◆ **Assignment**: Pictures are to be left out, and only the lines from the one with "Rub the flour" through the last line of the listing below are to be repeated exactly.

◆ **Source data**:

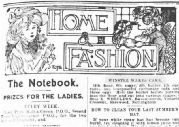
Original Recipe in 'Derbyshire Courier' - Saturday 14 March 1914

Rub the flour and butter together and add the sugar and currants, then mix to a stiff dough with beaten egg. Knead a little, roll out, and then cut into rounds the size of a saucer. Place on a greased tray and bake in a moderately heated oven until pale golden brown
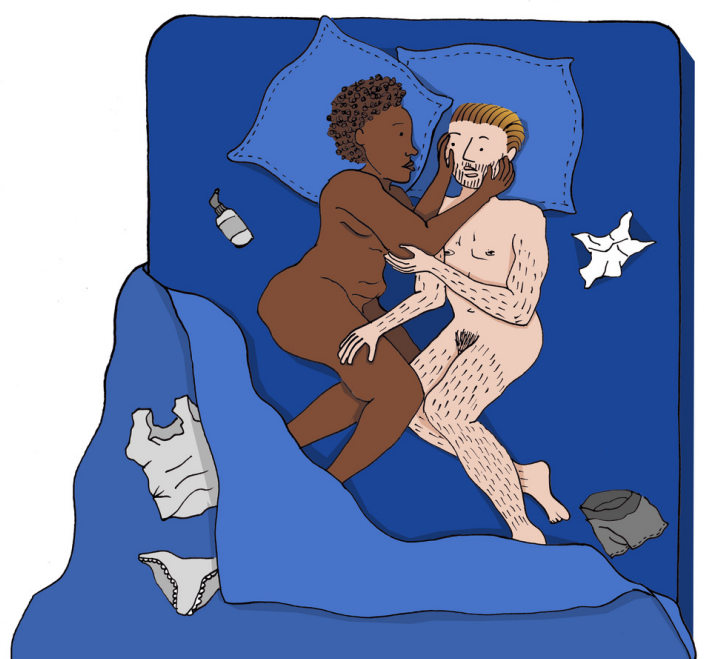
Image depicts post-sex cuddling and was illustrated by <u>Alexandra Maignan</u> for Share-Net Netherlands

Image depicts oral sex and was illustrated by <u>Afroditi</u> <u>Papadopoulou</u> for Share-Net Netherlands

◆ **Task answer**:
Rub the flour and butter together and add the sugar and currants, then mix to a stiff dough with beaten egg. Knead a little, roll out, and then cut into rounds the size of a saucer. Place on a greased tray and bake in a moderately heated oven until pale golden brown
Image depicts post-sex cuddling and was illustrated by <u>Alexandra Maignan</u> for Share-Net Netherlands

Image depicts oral sex and was illustrated by <u>Afroditi</u> <u>Papadopoulou</u> for Share-Net Netherlands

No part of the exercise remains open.